CROYDON IN CRISIS: ‘There is much that the council needs to do to become a properly functioning local authority’ says panel’s report to government, as it recommends more cuts to Croydon’s Adult Social Care and Children’s Services. By STEVEN DOWNES

The council leadership has been summoned to Westminster next week to provide evidence to a Parliamentary select committee inquiry on “local authority financial sustainability and the Section 114 regime”.

The select committee wants to hear evidence of Croydon’s S114 experience

Council leader Hamida Ali will be joined by Katherine Kerswell, the interim chief exec, Chris Buss, recently appointed as the council’s chief finance officer, together with Sarah Ironmonger from external auditors Grant Thornton, appearing before the local government committee chaired by veteran Sheffield Labour MP Clive Betts on March 25.

You can imagine the sort of questions from the committee’s MPs… “So, Councillor Ali, you say you had no idea what was going on with the financing of Brick by Brick or the 4-star hotel while you were a member of the council cabinet for five years?”

Or, “Ms Kerswell, is there not a touch of envy that the pay-off you received on leaving Kent County Council was less than what Croydon has since established as a ‘Full Negrini’?”

The Croydon contingent will arrive for the committee session with the experience of the council issuing two Section 114 notices at the end of last year fresh in their memories, and with the formal approval from the government for a record £120million bail-out having been delivered to Fisher’s Folly just this week.

The council had been given a heads-up that the government would agree to the bail-out just in time for its budget-setting meetings last week, but the formal documentation was only released by the Ministry for Housing, Communities and Local Government on Wednesday night, together with the first report from the government-appointed improvement and assurance panel.

The panel’s report, which is dated February 5, has been accepted by Robert Jenrick, the Secretary of State, and was used to help approve the capitalisation direction.

MP Clive Betts: has questions for Croydon leadership

But the report from the panel of Tony McArdle, the chair, Margaret Lee and Philip Brookes, will fill Croydon residents and council employees with a sense of dread.

“It is clear…” is a form of words of which McArdle appears particularly fond.

“It is clear that the residents of Croydon will have to exercise considerable patience,” his report states at one point.

And, “It is clear… that there is much that the council needs to do to become a properly functioning local authority.”

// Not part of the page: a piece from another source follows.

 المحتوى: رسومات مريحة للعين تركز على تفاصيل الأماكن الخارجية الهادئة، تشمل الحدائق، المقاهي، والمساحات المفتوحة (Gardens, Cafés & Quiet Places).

The improvement panel says that the bail-out will be used by the council “to disentangle itself from ill-conceived property ventures and reconfigure its operational services on the basis of providing competent delivery within an affordable budget”, two endeavours which it describes as being of “considerable magnitude”.

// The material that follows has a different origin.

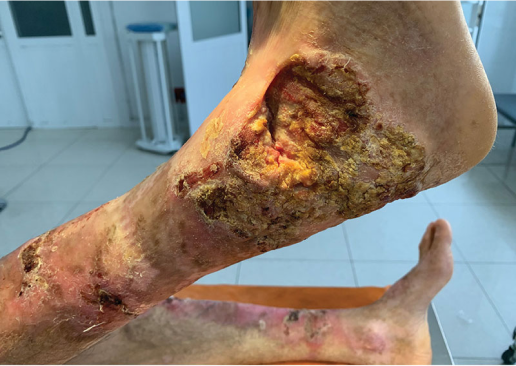 Cáncer de piel causado por una infección por hongos. Posteriormente, tuvieron que amputarle las piernas debido a la aparición de gangrena.

McArdle’s report describes the efforts made so far by the council as “a creditable start”.

The report identifies a number of areas where improvements must be made, “such as a full-scale review of senior management positions and appointments”, something which since the start of last month is now well underway following the suspension of five members of the executive leadership team, three of whom have already left Fisher’s Folly for a final time.

But it is clear that the improvement panel regard the Labour-run council’s disastrous adventures into the commercial property market and failed house-building company as serious issues to tackle in order to sort out the borough’s finances.

Look – they even have their own letter heading: McArdle’s panel is likely to be around for some time to come

Events have moved on since McArdle and his team wrote their report for Jenrick six weeks ago, such as with the approval of a plan to flog off Brick by Brick in its entirety or sell those sites that cannot be finished by the end of this year.

As Inside Croydon first revealed, secret report from Buss estimates that, of £200million in loans made to Brick by Brick by the council since the company was formed in 2015, perhaps as much as £100million will never be recovered. According to McArdle, Buss’s disposals options are “in the circumstances… the only realistic options available”.

McArdle states that the position needs “to be resolved as soon as possible to provide additional certainty for financial planning purposes”. Even if Buss and the council do manage to find a loaded buyer prepared to spend £100million-plus for the wreckage of Brick by Brick, “it is not clear yet if this is sufficient”.

The panel provides its approval of another decision, also agreed last month, to cut the council’s losses with the Croydon Park Hotel site and seek a buyer for that property, too.

The hotel is not the only example of the council having acquired an asset at a price considerably higher than its latest valuation. In what McArdle’s report describes as “a highly unusual arrangement” over the refurbishment of the Fairfield Halls, the neighbouring development site, College Green, was recently revalued at £20million – representing a £5million drop in value.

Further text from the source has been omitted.